Its pro-government rival, the Fiji Sun, was meanwhile distributed without any problem.

RSF noted “two other significant media actors that sustain press freedom” in the country – the Fiji Village news website and associated radio stations, and the Mai TV media group.

PNG journalists ‘disillusioned’
In Papua New Guinea, the ousting of Peter O’Neill by James Marape as prime minister in May 2019 was seen as an encouraging development for the prospects of greater media independence.

However, “journalists were disillusioned” in April 2020 when the police minister called for two reporters to be fired for their ‘misleading’ coverage of the covid-19 crisis.
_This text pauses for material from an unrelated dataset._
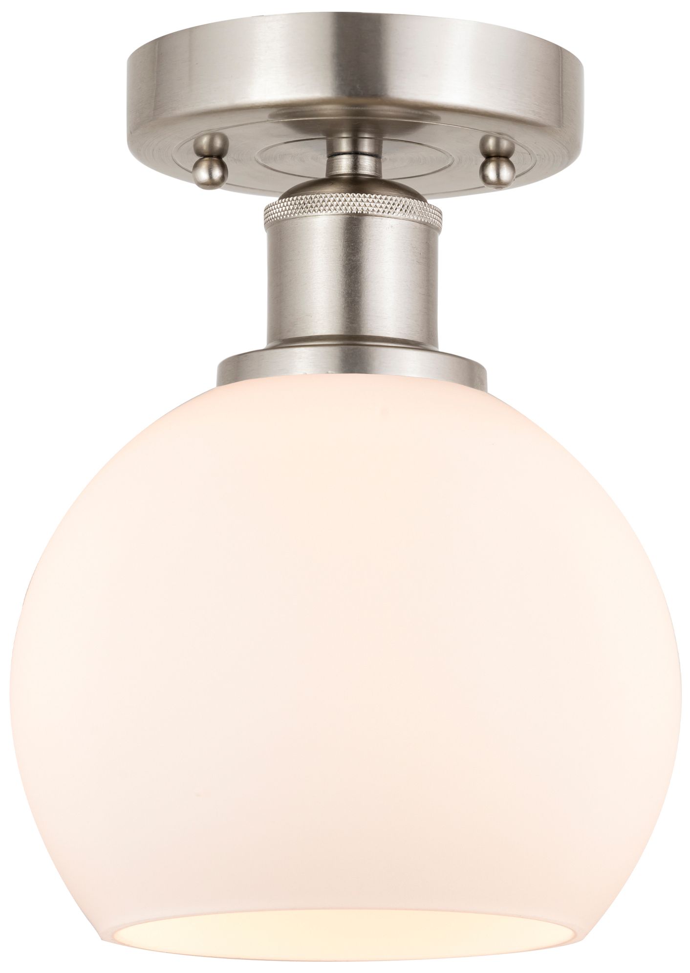 Edison Athens 6" Semi-Flush Mount - Brushed Satin Nickel - Matte Whit

“In addition to political pressure, journalists continue to be dependent on the concerns of those who own their media. This is particularly so at the two main dailies, the PNG Post -Courier, owned by US-Australian media tycoon Rupert Murdoch’s News Corp, which is above all focused on commercial and financial concerns, and The National, owned by the Malaysian logging multinational Rimbunan Hijau.”

In contrast to the Pacific drops in the index, Timor-Leste rose seven places to 78th.

“In 2020, journalists came under attack from the Catholic clergy, which is very powerful in Timor-Leste. A bishop [attacked] two media outlets that published an investigative article about a US priest accused of a sexual attack on a minor.

“The Press Council that was created in 2015 plays an active role in defusing any conflicts involving journalists, and works closely with university centres to provide aspiring journalists with sound ethical training.

“But the media law adopted in 2014, in defiance of the international community’s warnings, poses a permanent threat to journalists and encourages self-censorship.”

‘Press freedom models’
In other regional developments, RSF said that the “regional press freedom models – New Zealand (up 1 at 8th), Australia (up 1 at 25th), South Korea (42nd) and Taiwan (43rd) – have on the whole allowed journalists to do their job and to inform the public without any attempt by the authorities to impose their own narrative”.

In Australia, “it was Facebook that introduced the censorship virus.

“In response to proposed Australian legislation requiring tech companies to reimburse the media for content posted on their social media platforms, Facebook decided to ban Australian media from publishing or sharing journalistic content on their Facebook pages.”

While Samoa retained its 21st position, RSF’s index authors noted that the Pacific country was in danger of “losing its status as a regional press freedom model”.

Noting responses to repeated threats by the government, RSF cited the Samoa Alliance of Media Practitioners for Development (SAMPOD) for “urged the media to reaffirm the right of Samoans to pluralist, free and independent journalism as an essential condition for democracy”.

“In a sign of further decline in the situation in 2020, the prime minister threatened to ban Facebook and personally brought a defamation suit against a blogger whose comments he did not like.”

Pacific Media Watch collaborates with Reporters Without Borders.